Nuestra existencia ética depende de los medios que elegimos para lograr lo que deseamos. Todo suele ser un medio para lograr la propia felicidad, decía Aristóteles. Cada cosa que hacemos tiene una finalidad que solo podemos comprender cuando nos preguntamos para qué la hacemos. Si a cada respuesta dada volvemos a interrogarla con un “¿para qué?” llegará el momento en que respondamos: para ser feliz. Ahí no cabe preguntar “¿para qué?”, no tiene sentido preguntar para qué se quiere ser feliz porque ese es el fin último de todo cuanto hacemos.
Lo anterior implica que la ética se juega en los medios o, en otras palabras, el fin no justifica los medios. Toda la humanidad perseguiría el mismo fin: su felicidad, pero en cómo lo logra es en donde se puede hablar de un medio éticamente válido o lo contrario. Habría una “regla de oro” que Kant dejó formulada más o menos de esta manera: “Nunca tomes a un ser racional únicamente como un medio, pues es un fin en sí mismo”. El problema está en lo que Kant entendía como un “ser racional”, no incluía, por ejemplo, a la raza negra, por increíble y absurdo que pueda sonar. Y no estoy segura de que incluyera a las mujeres.
La ética se ha dedicado desde entonces a ampliar ese círculo al cual se le debe aplicar la regla de oro. Debe incluirse a todo ser racional independientemente del color de su piel, por supuesto. Debe incluirse a todo ser racional independientemente de su sexo y de su género, por supuesto. Y para ampliar más este círculo se han hecho estudios en cientos de animales que han mostrado una racionalidad estructuralmente diferente a la humana, como si a mayor racionalidad, mayor valor.

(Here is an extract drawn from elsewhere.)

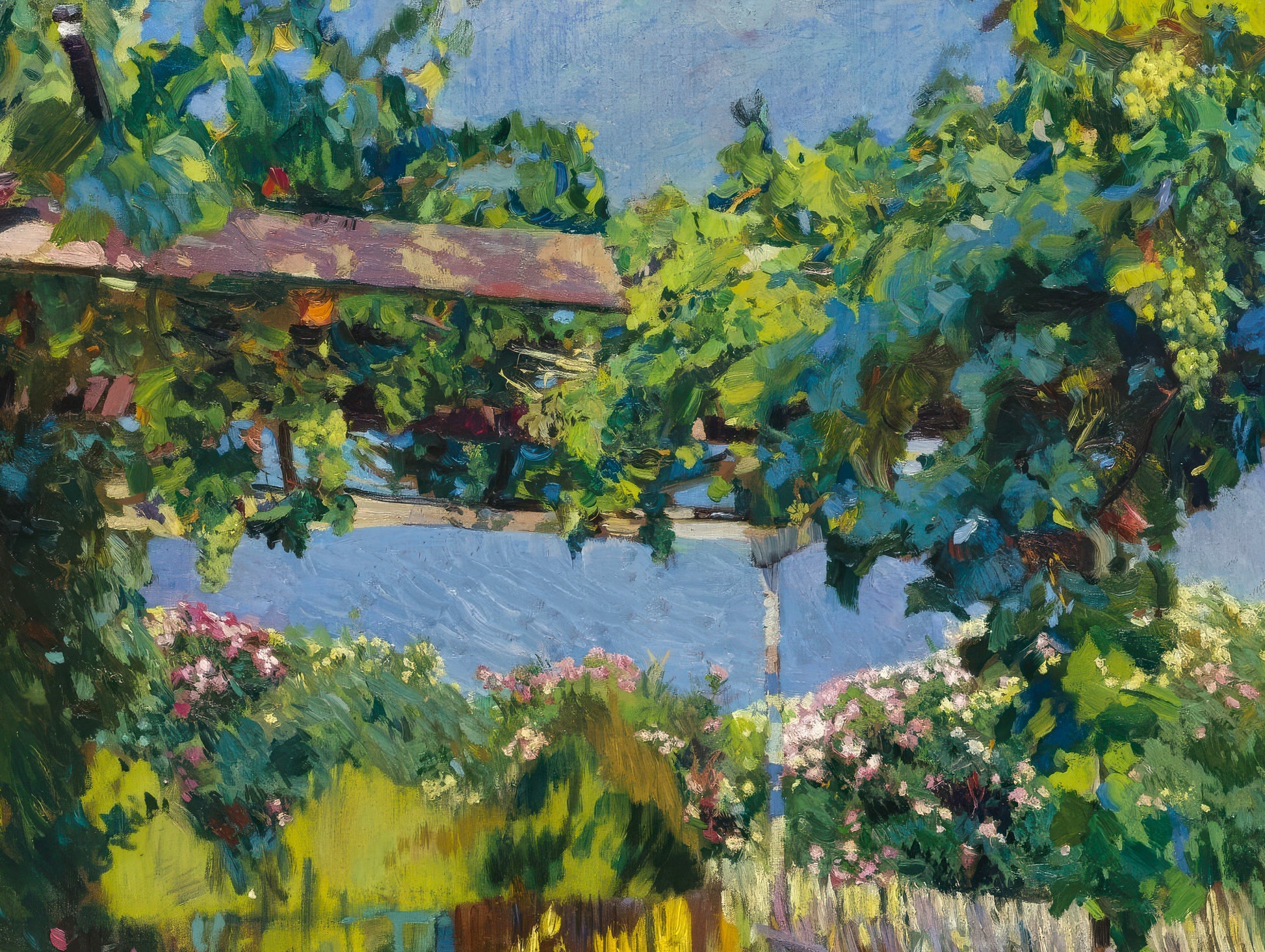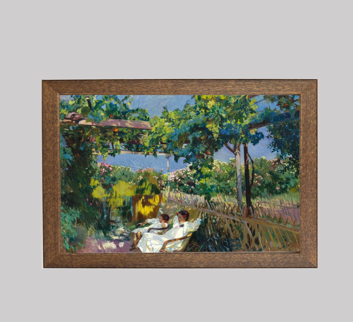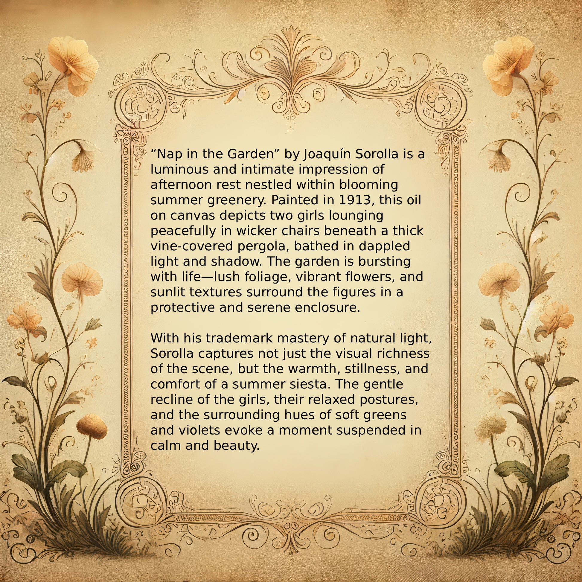 “Nap in the Garden” by Joaquín Sorolla is a luminous and intimate impression of afternoon rest nestled within blooming summer greenery. Painted in 1913, this oil on canvas depicts two girls lounging peacefully in wicker chairs beneath a thick vine-covered pergola, bathed in dappled light and shadow. The garden is bursting with life—lush foliage, vibrant flowers, and sunlit textures surround the figures in a protective and serene enclosure.

Esto me parece una necedad porque la vida no puede ser valorada por ser o no ser racional en el sentido humano. Existe, decía Heráclito, una racionalidad universal a la que deberíamos apegarnos. Esa razón universal no es otra que la que hace que la savia que corre por las venas de una hoja no lo haga de manera diferente cada día, hay un orden en la vida que deberíamos respetar.
Esto que la filosofía balbucea, lo dijo Nerval mejor que nadie en sus Versos dorados, donde se dirige al libre pensador que se asume como el único ser pensante “en un mundo donde la vida estalla en cada cosa”. Dice Nerval: “Respeta en la bestia un espíritu activo… cada flor es un alma de la naturaleza creciente; un misterio de amor en el metal reposa: todo es sensible y todo tiene influjo en tu ser”. A diferencia de Kant, Nerval no pide respeto al ser humano sino a todo cuanto existe.
Otro mundo tendríamos si escucháramos a los poetas.